The timing of the trip was opportune as members of Congress were working on the omnibus spending bill, which has since been signed into law by the President. One of the key items on the Business Plan agenda was finding a fix to the way that the U.S. currently pays for wildfires. Unlike the way the federal government pays for other natural disasters, through emergency management funds, the Forest Service pays for fighting catastrophic wildfires by robbing funds from other parts of its budget that are supposed to be used for restoration, thinning, and other management measures that would prevent wildfires.
According to the president’s 2019 budget proposal, wildfire suppression spending reached a record $2.4 billion in 2017, necessitating a $527 million transfer from fire prevention and forest restoration efforts. This ill-advised practice has disastrous consequences for the health of our forests and communities that depend on them. As the picture above shows, firefighting consumed 16% of the Forest Service budget in 1995. In 2015 that share hit 56%, and until the recently passed legislation, it was expected to reach 67% by 2021.

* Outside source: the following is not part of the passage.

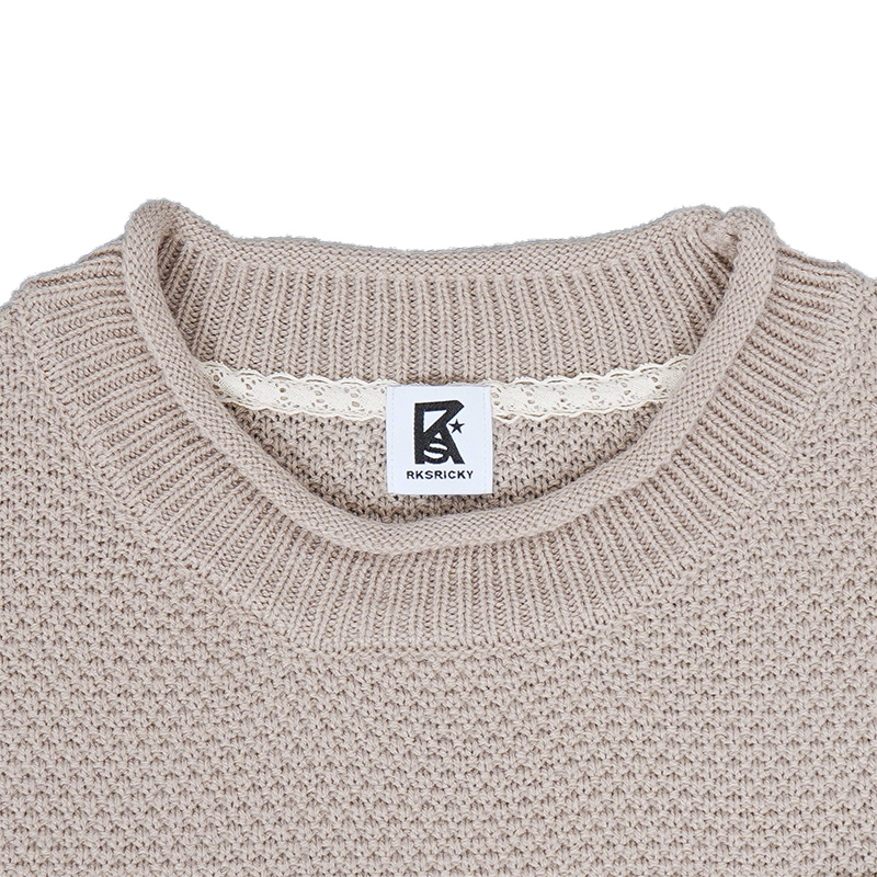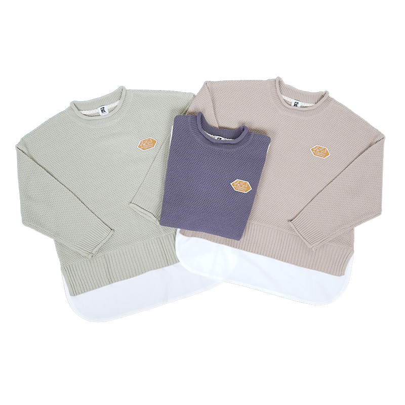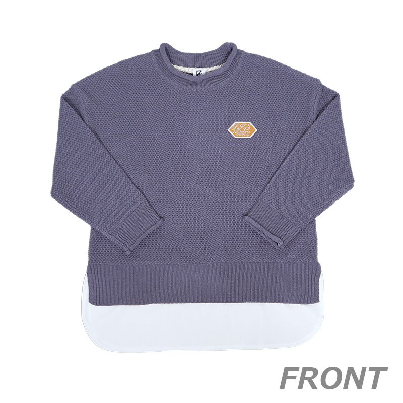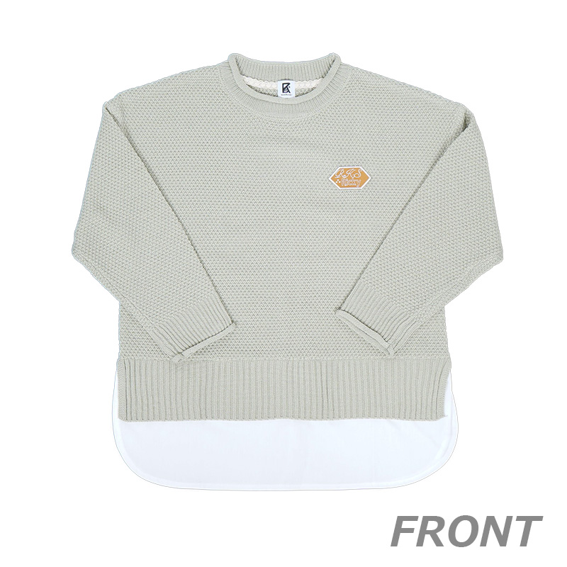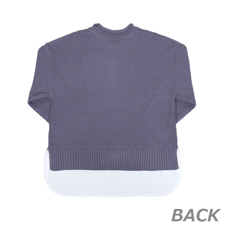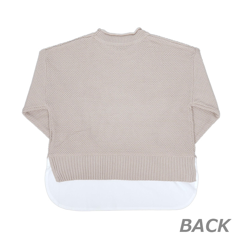 レイヤード風デザインが映える女性向け鹿の子編みセーター。
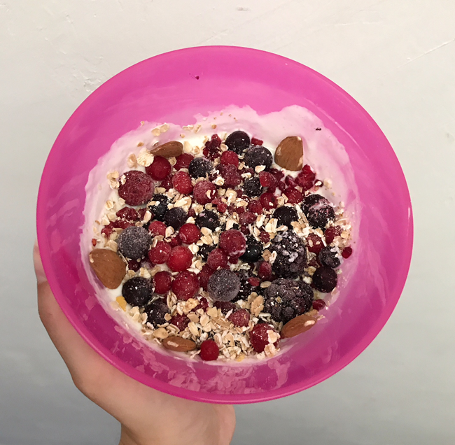 Chaque matin je me suis préparée un bol avec les deux dosettes de MCT Powder, un peu de fromage blanc et quelques fruits rouges. Selon mes envies, je pouvais ajouter quelques graines de chia, une poignée d’amendes, quelques copeaux de noix de coco râpée, etc..

The provisions included in the omnibus bill would establish a fund of more than $2 billion a year to pay for wildfire suppression, preventing the need to raid other forest service budgets. The fund could be tapped when the cost of wildfires exceeds the 10-year average cost of wildfires, which would be set at the 2015 level. This was truly a bipartisan effort. Members of Oregon’s congressional delegation were pivotal in making this happen and they all deserve our thanks.
Other key Oregon priorities were included in the omnibus bill, including two more years of Secure Rural Schools payments to timber counties (although at a reduced level), and a short-term increase in a key tax credit program for funding affordable housing.